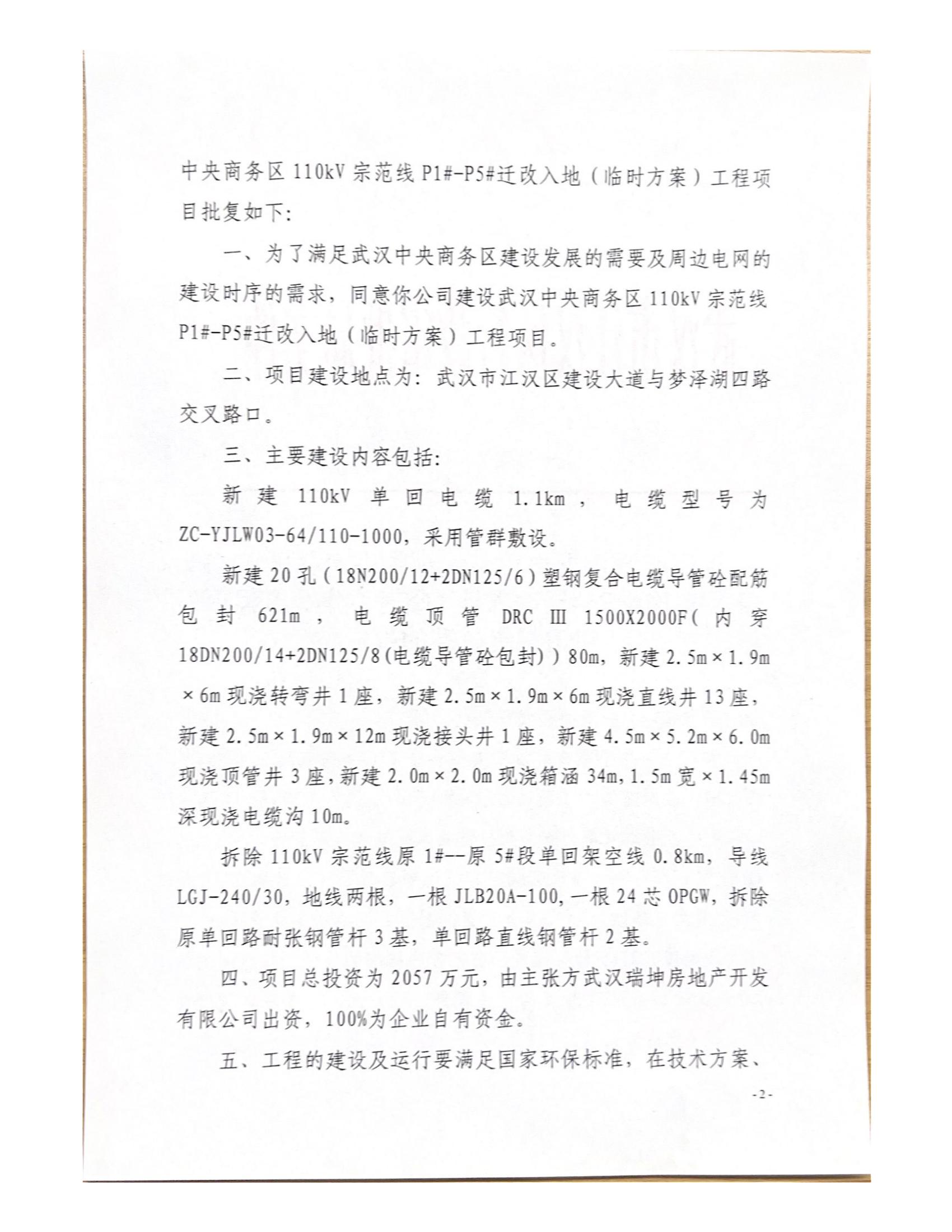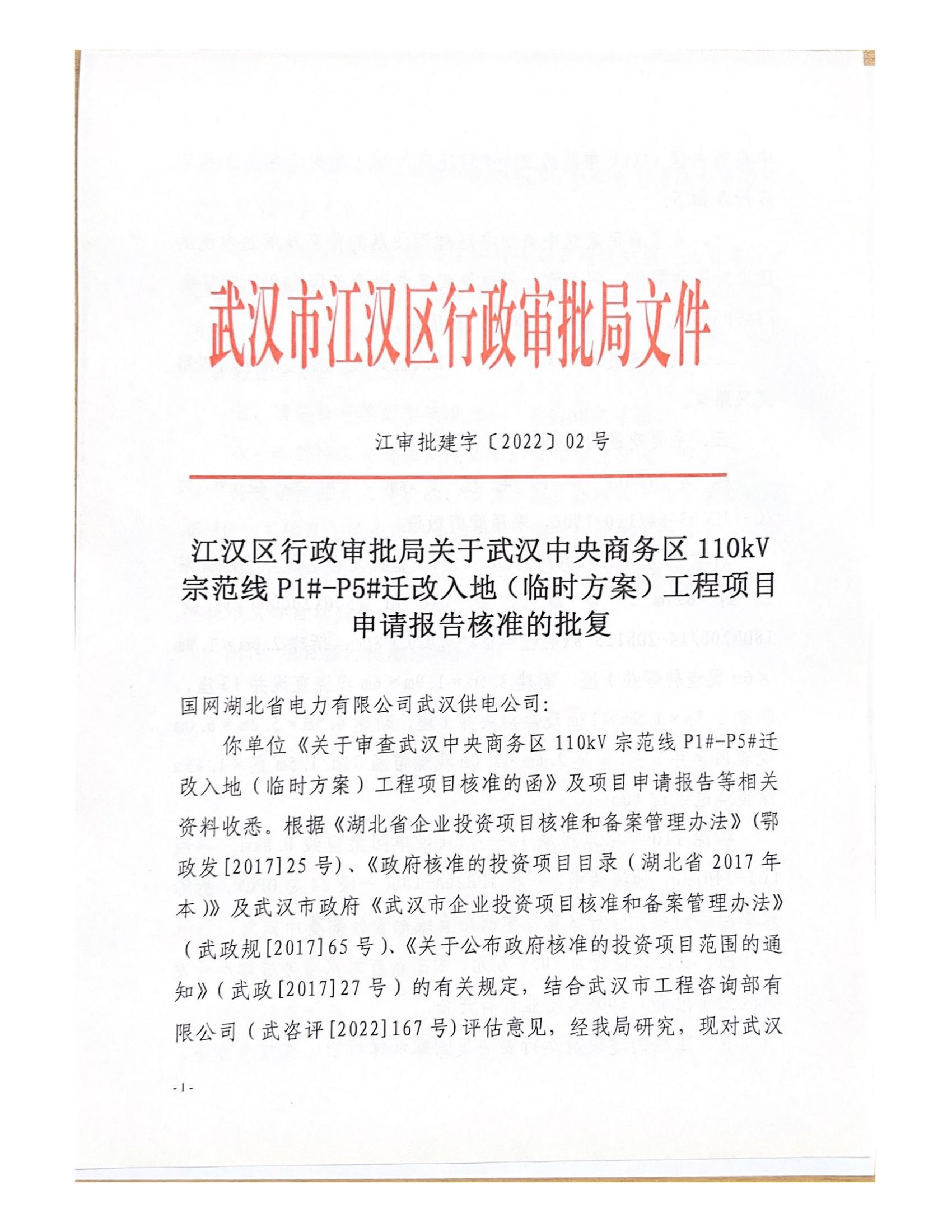 | 标 题 | 欧亚国际(中国)官方网站 行政审批局关于武汉中央商务区110KV宗范线P1#-P5#迁改入地(临时方案)工程项目申请报告核准的批复 | ||
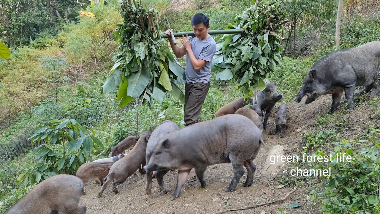 Vegetable, grass and corn party for wild boar. A busy day with wild boar.#greenforestlife #greenforestlifechannel #robert #wildboar#raisewildboar
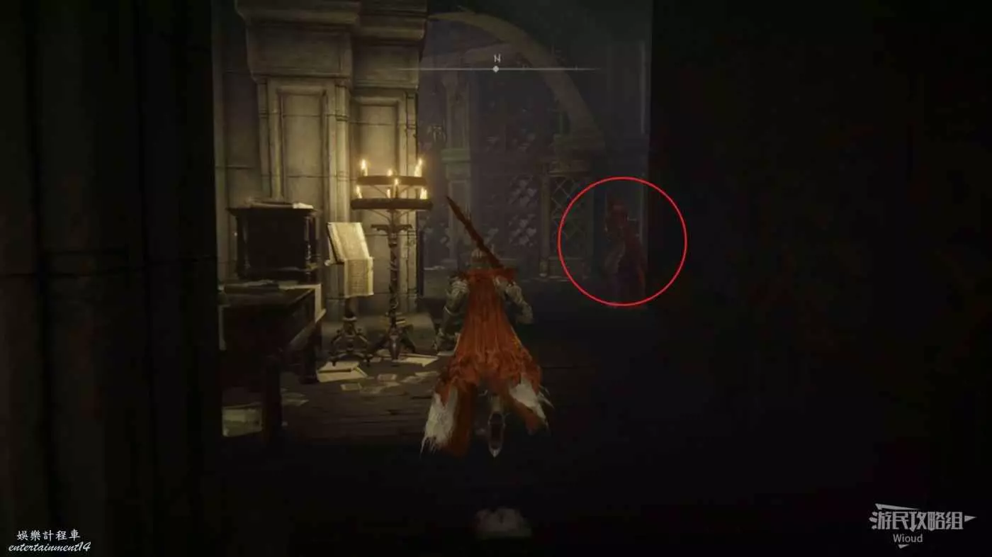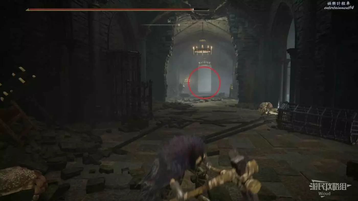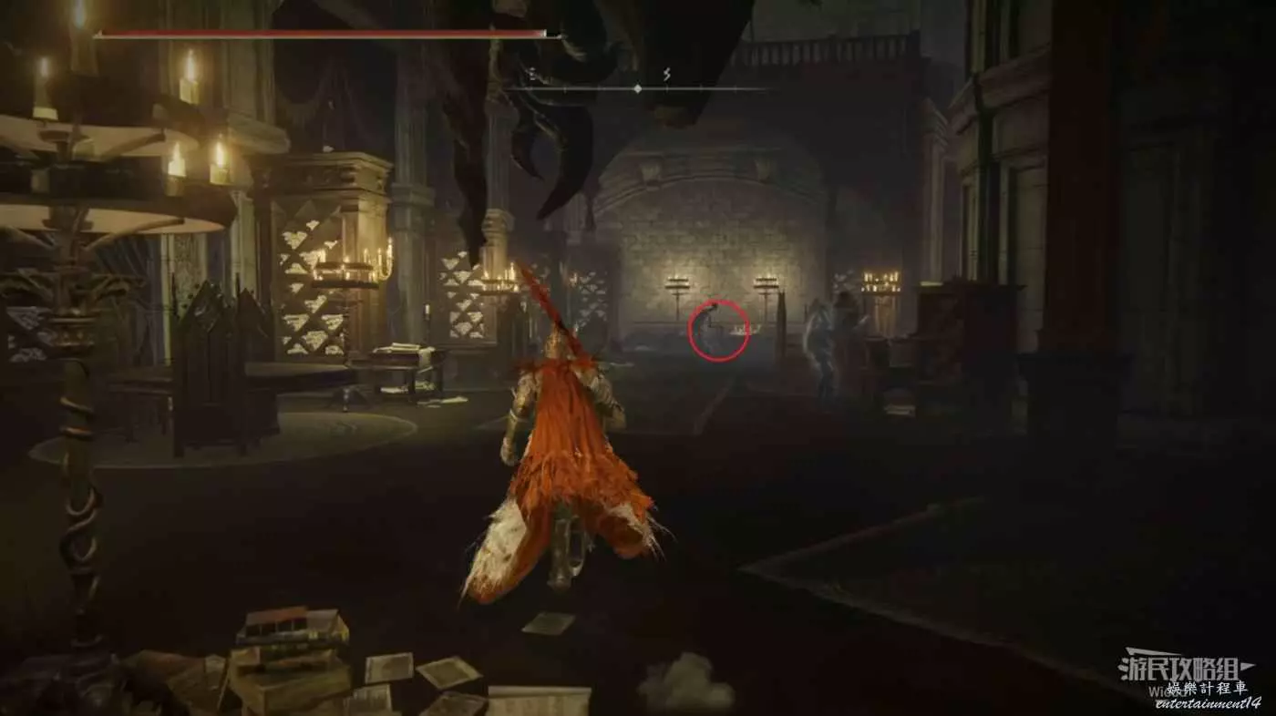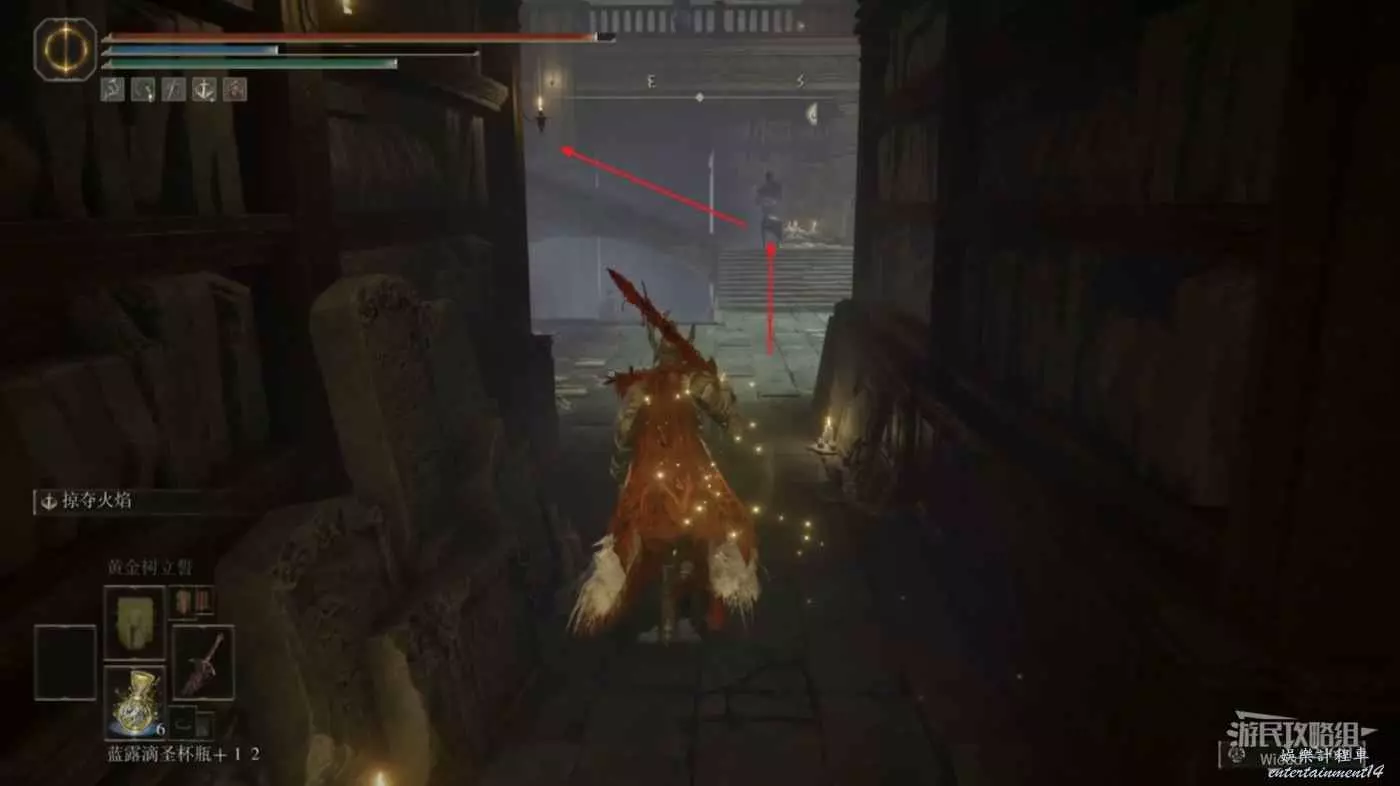 擊敗此處的火焰騎士並爬上第二段樓梯後可以發現前方左下角有一個往下走的樓梯。

──────

■ **Task objective**
When you copy the lines above, drop the pictures and keep everything else exact.

■ **Answer box**
 | 标 题 | 欧亚国际(中国)官方网站 行政审批局关于武汉中央商务区110KV宗范线P1#-P5#迁改入地(临时方案)工程项目申请报告核准的批复 | ||
 Vegetable, grass and corn party for wild boar. A busy day with wild boar.#greenforestlife #greenforestlifechannel #robert #wildboar#raisewildboar
 擊敗此處的火焰騎士並爬上第二段樓梯後可以發現前方左下角有一個往下走的樓梯。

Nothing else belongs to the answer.